Below are entries. Copy exactly the lines running from the line that holds "Achetez exclusivement votre" to the line that holds "偷偷出现在你面前,做出不雅的手势看看 Rae 的标志性打屁股和其他与其他女孩的小动作的实验性(重新)实现", with both ends included.

INFORMATION SUPPLIED:
—————
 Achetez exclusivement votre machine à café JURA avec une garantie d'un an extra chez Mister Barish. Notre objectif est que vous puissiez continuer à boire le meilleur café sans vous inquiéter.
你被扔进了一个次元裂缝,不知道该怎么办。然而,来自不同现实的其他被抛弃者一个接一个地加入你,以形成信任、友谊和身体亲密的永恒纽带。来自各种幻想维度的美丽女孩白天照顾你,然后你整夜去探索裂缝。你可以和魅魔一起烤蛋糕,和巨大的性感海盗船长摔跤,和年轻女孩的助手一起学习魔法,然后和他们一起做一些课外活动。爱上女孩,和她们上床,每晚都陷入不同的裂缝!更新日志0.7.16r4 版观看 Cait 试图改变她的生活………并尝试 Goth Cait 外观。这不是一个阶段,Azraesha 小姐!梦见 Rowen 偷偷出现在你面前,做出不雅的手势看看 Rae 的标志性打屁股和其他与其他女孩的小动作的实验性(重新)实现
—————
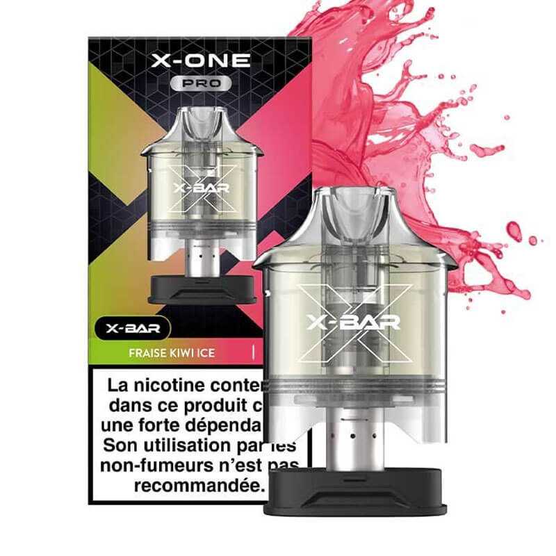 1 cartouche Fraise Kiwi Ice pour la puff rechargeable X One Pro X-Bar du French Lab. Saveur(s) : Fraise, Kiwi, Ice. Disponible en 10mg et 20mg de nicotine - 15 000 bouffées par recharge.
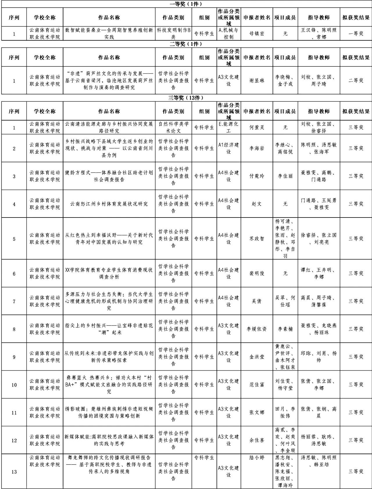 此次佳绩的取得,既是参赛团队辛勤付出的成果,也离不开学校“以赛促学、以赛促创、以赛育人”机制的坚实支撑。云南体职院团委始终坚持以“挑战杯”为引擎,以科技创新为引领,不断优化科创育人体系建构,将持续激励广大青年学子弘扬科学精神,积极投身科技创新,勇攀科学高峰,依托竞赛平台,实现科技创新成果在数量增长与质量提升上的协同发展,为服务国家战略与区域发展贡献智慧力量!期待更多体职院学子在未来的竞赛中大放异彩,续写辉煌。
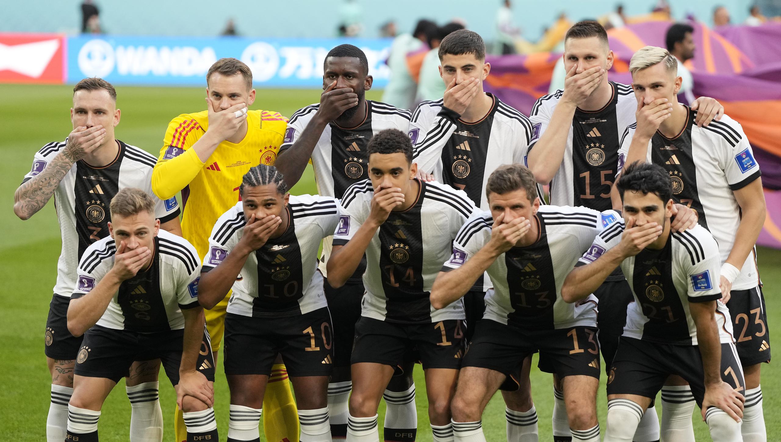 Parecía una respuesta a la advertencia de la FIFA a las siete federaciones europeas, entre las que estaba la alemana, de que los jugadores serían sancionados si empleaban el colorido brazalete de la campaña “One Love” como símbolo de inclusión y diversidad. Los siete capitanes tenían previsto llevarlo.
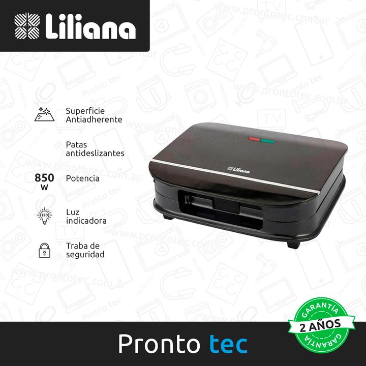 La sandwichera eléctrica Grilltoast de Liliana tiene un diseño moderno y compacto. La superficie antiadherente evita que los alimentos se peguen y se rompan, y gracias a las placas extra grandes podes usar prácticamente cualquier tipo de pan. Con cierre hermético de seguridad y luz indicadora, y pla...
—————
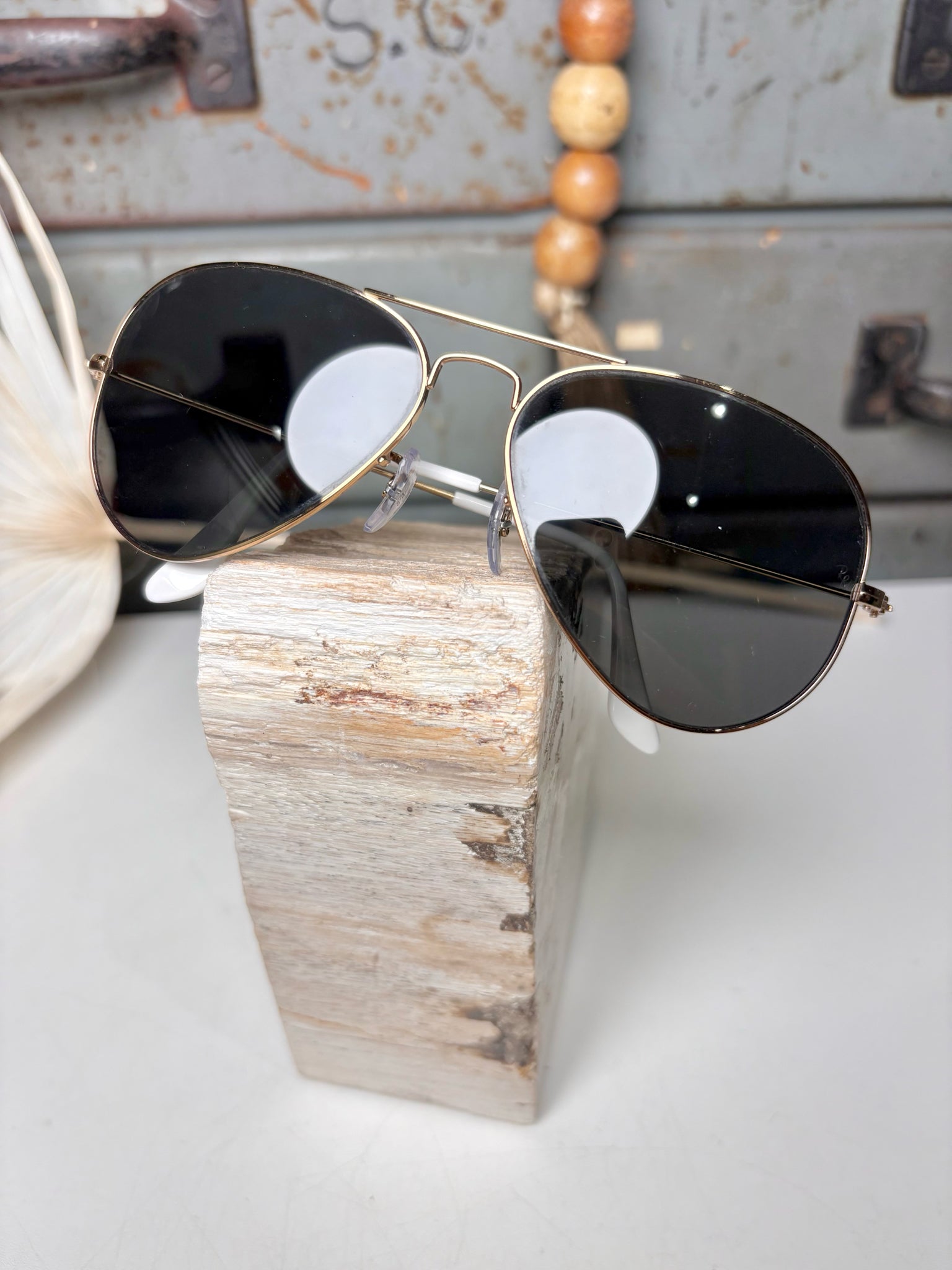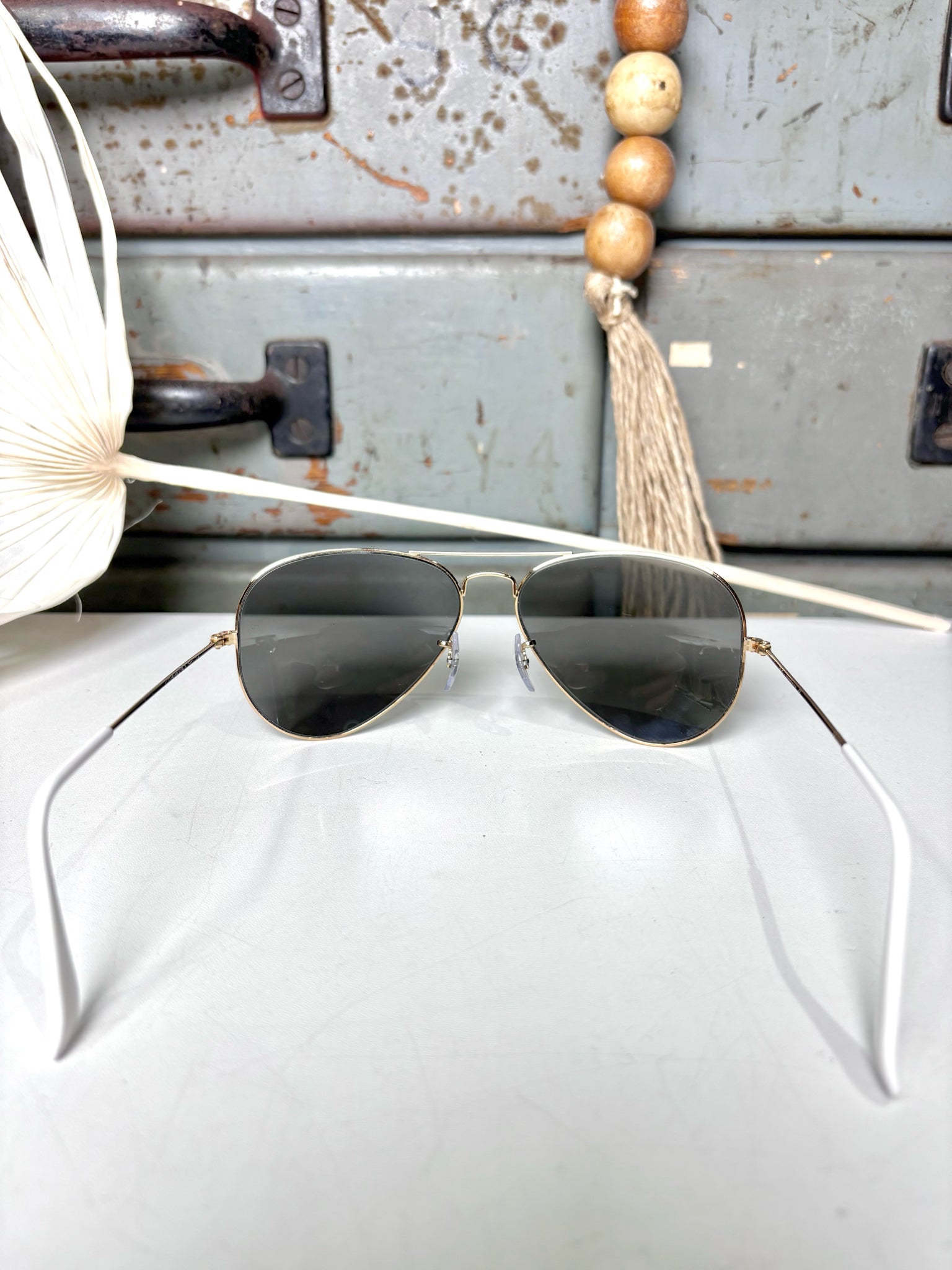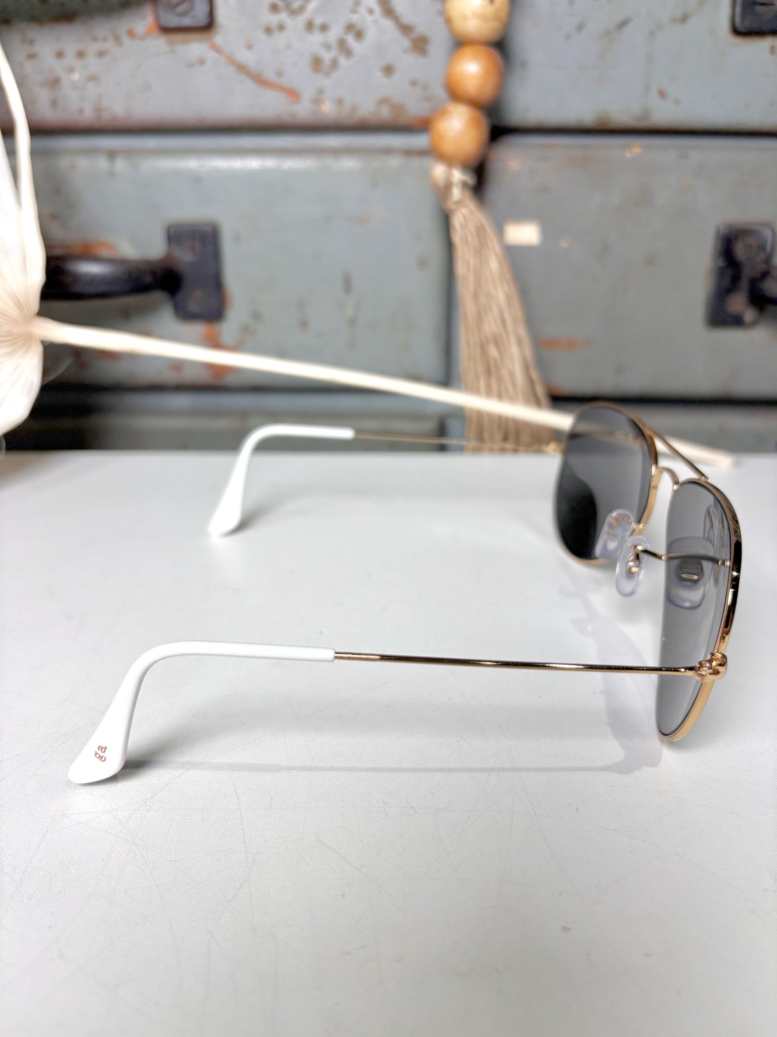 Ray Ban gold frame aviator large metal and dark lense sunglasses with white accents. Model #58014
—————
EXERCISE RESULT:
 Achetez exclusivement votre machine à café JURA avec une garantie d'un an extra chez Mister Barish. Notre objectif est que vous puissiez continuer à boire le meilleur café sans vous inquiéter.
你被扔进了一个次元裂缝,不知道该怎么办。然而,来自不同现实的其他被抛弃者一个接一个地加入你,以形成信任、友谊和身体亲密的永恒纽带。来自各种幻想维度的美丽女孩白天照顾你,然后你整夜去探索裂缝。你可以和魅魔一起烤蛋糕,和巨大的性感海盗船长摔跤,和年轻女孩的助手一起学习魔法,然后和他们一起做一些课外活动。爱上女孩,和她们上床,每晚都陷入不同的裂缝!更新日志0.7.16r4 版观看 Cait 试图改变她的生活………并尝试 Goth Cait 外观。这不是一个阶段,Azraesha 小姐!梦见 Rowen 偷偷出现在你面前,做出不雅的手势看看 Rae 的标志性打屁股和其他与其他女孩的小动作的实验性(重新)实现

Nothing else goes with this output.